Only the lines from the one containing "CHILLED WATER SKID" to the end of the material are to be copied, exactly and in full; images stay out.

:: COLLECTED DATA

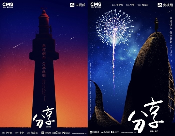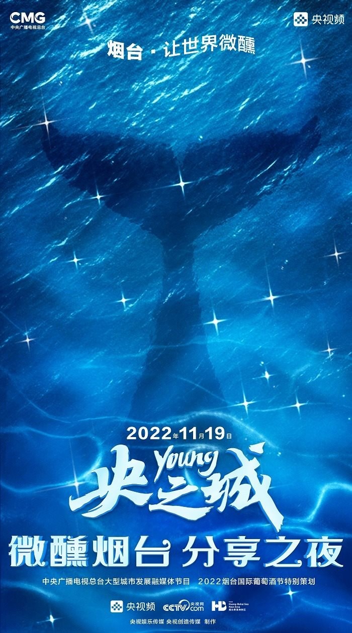 田雨峰在拍攝短片海報(bào)用圖的時(shí)候,首先確定了畫(huà)面中最突出的形象元素,同時(shí)也是交代短片故事發(fā)生地的地標(biāo)性雕塑——“孤獨(dú)的鯨“。這個(gè)雕塑如今是煙臺(tái)開(kāi)發(fā)區(qū)金沙灘的網(wǎng)紅打卡地,網(wǎng)友為其起名”鯨落“。碩大的鯨魚(yú)從淺海處躍出海面,魚(yú)頭和魚(yú)尾凌空飛躍,其身體的一部分似藏在沙灘里。這是一個(gè)在真實(shí)生活中不會(huì)出現(xiàn)的景象,充滿了動(dòng)畫(huà)般的奇幻想象,位于煙臺(tái)碧藍(lán)的海邊,又天然地帶上了一點(diǎn)浪漫的色彩。短片中”舉杯煙臺(tái),分享此刻“的Slogan綴在尾聲,分享的正是煙臺(tái)這座城市獨(dú)有的沙灘、夜空、煙火和人間。短片中可以娓娓道來(lái)般逐漸交代,但在海報(bào)里,二環(huán)用畫(huà)面底部金色沙灘上”孤獨(dú)的鯨“,畫(huà)面上方如大海般湛藍(lán)的星空,星空中綻放的煙花,鎖定了地球上唯一的煙臺(tái)。田雨峰鏡頭中短片主角的人物照被二環(huán)拼貼到童話般色彩斑斕的畫(huà)面里,被著意縮小了的黑色小女孩于是成為一切奇幻、浪漫想象的迸發(fā)之源,和世界分享一個(gè)妙趣橫生的想法。
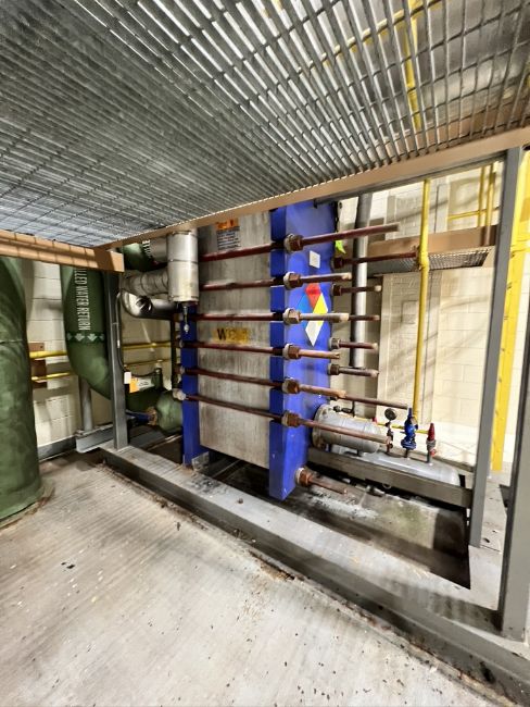 CHILLED WATER SKID WITH ALFA LAVAL PLATE FRAME HEAT EXCHANGER, MODEL M20 MWFD, S/N 30105-63592, SQ FT (SIMPLE LOADING FEE $12,650)
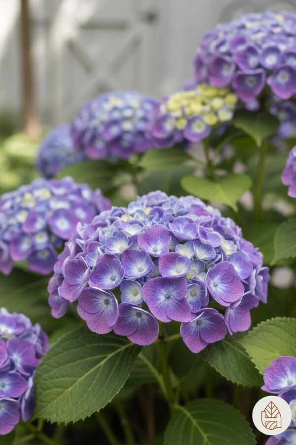 • Hydrangea macrophylla 'Ayesha' bloeit van juli tot september met paarse bloemen. De bloemen hebben een lepelvormige structuur en trekken bijen en vlinders aan.

::::

#### RESULT OF THE TASK:
 CHILLED WATER SKID WITH ALFA LAVAL PLATE FRAME HEAT EXCHANGER, MODEL M20 MWFD, S/N 30105-63592, SQ FT (SIMPLE LOADING FEE $12,650)
 • Hydrangea macrophylla 'Ayesha' bloeit van juli tot september met paarse bloemen. De bloemen hebben een lepelvormige structuur en trekken bijen en vlinders aan.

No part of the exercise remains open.